Ville intelligente - La Cnil ouvre des pistes pour redonner aux villes du pouvoir sur les données
L'impact des plateformes numériques sur la gestion des villes est un souci grandissant des acteurs publics. La Commission nationale de l'informatique et des libertés (Cnil) vient de publier un cahier dans lequel elle esquisse de nouveaux scénarios pour rééquilibrer le rapport de force entre collectivités et entreprises du numérique en termes de possession et d'exploitation des données. En ligne de mire : la possibilité pour les collectivités d'exploiter plus d'informations venant du privé, ou des citoyens eux-mêmes, en développant de nouveaux partenariats.
Alors que la ville était auparavant considérée et appréciée comme un lieu d'anonymat, les services numériques sont en train de changer la donne. C'est le constat des chercheurs et experts interrogés par la Cnil, à la faveur de son cinquième cahier d'innovation et de prospective consacré aux "données personnelles au cœur de la fabrique de la smart city". Avec la multiplication des applis mobiles, les urbains traduisent leurs comportements en données exploitables et monétisables par les entreprises du web. Ces dernières jouent un rôle sans cesse plus grand dans la manière dont les villes fonctionnent, en redéfinissant les mobilités par exemple. Jusqu'à des frontières polémiques, quand Waze dissuade ses usagers de traverser certains quartiers jugés dangereux, au risque de rendre ceux-ci plus enclavés encore. Le travail de la Cnil fait l'effort de mesurer la véritable portée des mutations numériques pour les collectivités, sans en rester à des propos abstraits.
Redonner le pouvoir des données aux collectivités
Pour redonner aux collectivités l'occasion d'utiliser les données urbaines pour leurs missions de service public, la Cnil esquisse plusieurs scénarios. La Commission imagine des cas où les entreprises devraient, moyennant de nouvelles obligations légales, fournir les données collectées auprès des usagers quand celles-ci seraient jugées d'intérêt général. L'anonymisation des données pourrait être gérée par l'entreprise elle-même, ou par les collectivités. Dans un scénario plus souple à l'égard des plateformes numériques privées, la Cnil imagine aussi la généralisation des procédés d'accès automatisé aux données via API, sur le modèle de ce que propose la start-up française Opendatasoft. Les collectivités pourraient, après accord des entreprises, puiser facilement dans leurs réserves de données, sans qu'il s'agisse d'un partage systématique "en bloc". Enfin, dans le sillage des dispositions de la loi Lemaire encourageant la portabilité des données, la Cnil imagine que les usagers eux-mêmes pourraient confier leurs données à la puissance publique. En téléchargeant les données qui les concernent à partir des plateformes numériques, ils pourraient choisir de les stocker au sein d'un espace numérique géré par la collectivité qui, en retour, ferait usage de ces informations pour améliorer ses services publics. C'est le modèle actuellement expérimenté à Lyon (cf encadré).

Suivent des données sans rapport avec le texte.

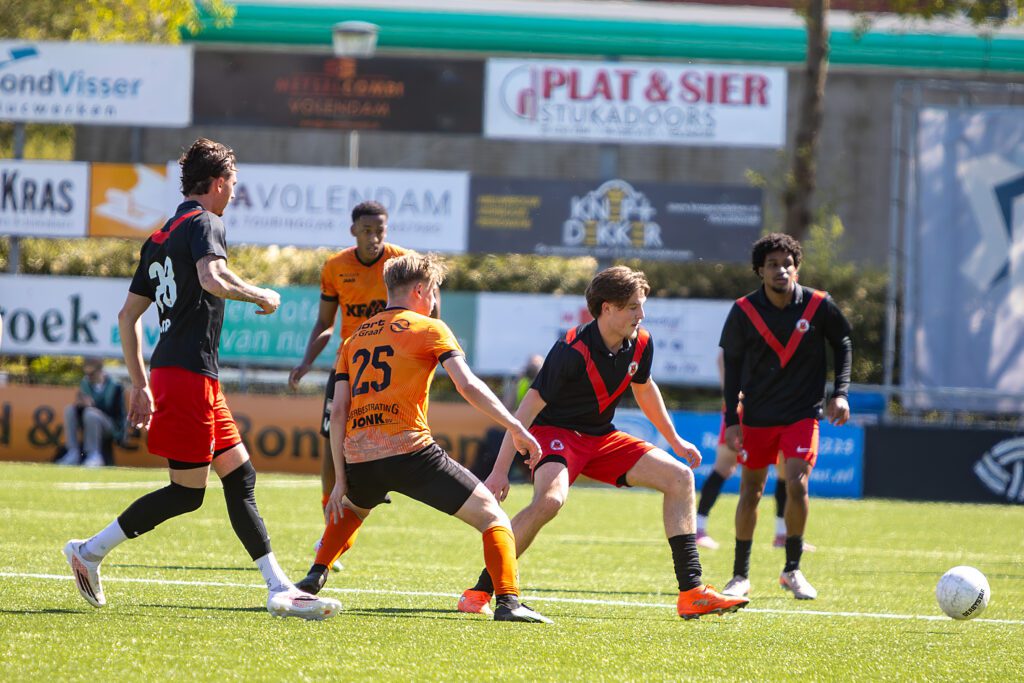 De belangrijke wedstrijd tegen RKAV Volendam is verdiend door AFC gewonnen. De basis voor deze zege werd gelegd in de eerste helft toen The Reds de lakens uitdeelden. De 0-2 voorsprong in het Hein Koning Stadion werd bij rust bereikt door doelpunten van topscorer Delano Gouda en youngster Osa Okunbor. In het tweede bedrijf beet de thuisploeg feller van zich af, hing een tegentreffer af en toe in de lucht maar bleek Daniël Nolet niet te passeren tussen de palen. Hij werd voor zijn goede keepen ten slotte beloond met een clean sheet. Ook AFC kreeg na de thee de nodige kansen, maar meer dan een door Delano benutte penalty leverden die niet op. Door deze 0-3 zege handhaven The Reds zich op het hoogste amateurniveau. Omdat de onderste drie ploegen verloren speelt ook Volendam volgend seizoen weer in de Tweede Divisie.

Le CNNum se penche aussi sur les plateformes
La Cnil n'est pas la seule institution à se positionner, ces derniers jours, sur l'enjeu crucial de la régulation des plateformes. Le Conseil national du numérique, qui se faisait peu entendre depuis l'élection présidentielle, tient une nouvelle consultation du 10 octobre au 17 novembre sur "la confiance à l'ère des plateformes numériques". Parmi les défis identifiés, la puissance grandissante et mondialisée des plateformes numériques, qui s'appuie aussi sur le relatif secret qui entoure leur fonctionnement et leurs algorithmes. On le voit : si cette prise de conscience de la puissance des plateformes commence à infuser dans toute la sphère publique, les territoires sont particulièrement concernés. Mobilités, sécurité, logement : autant de secteurs clés sur lesquels les collectivités devront grandir en vigilance et expertise face aux bouleversements apportés par les plateformes.
Avec MesInfos, la métropole de Lyon teste le stockage des données personnelles sous la houlette d'une collectivité. Depuis 2016, 2.000 Grands-Lyonnais se plient à un exercice nouveau, le "self data" ; ils peuvent choisir de partager leurs données de mobilité, de consommation énergétique ou encore de gestion financière, dans un espace sécurisé et confidentiel, pour bénéficier de conseils personnalisés. Tout cela sous la houlette de la métropole, tiers de confiance pour garantir la sûreté de l'initiative. L'expérimentation devrait se prolonger jusqu'en 2018.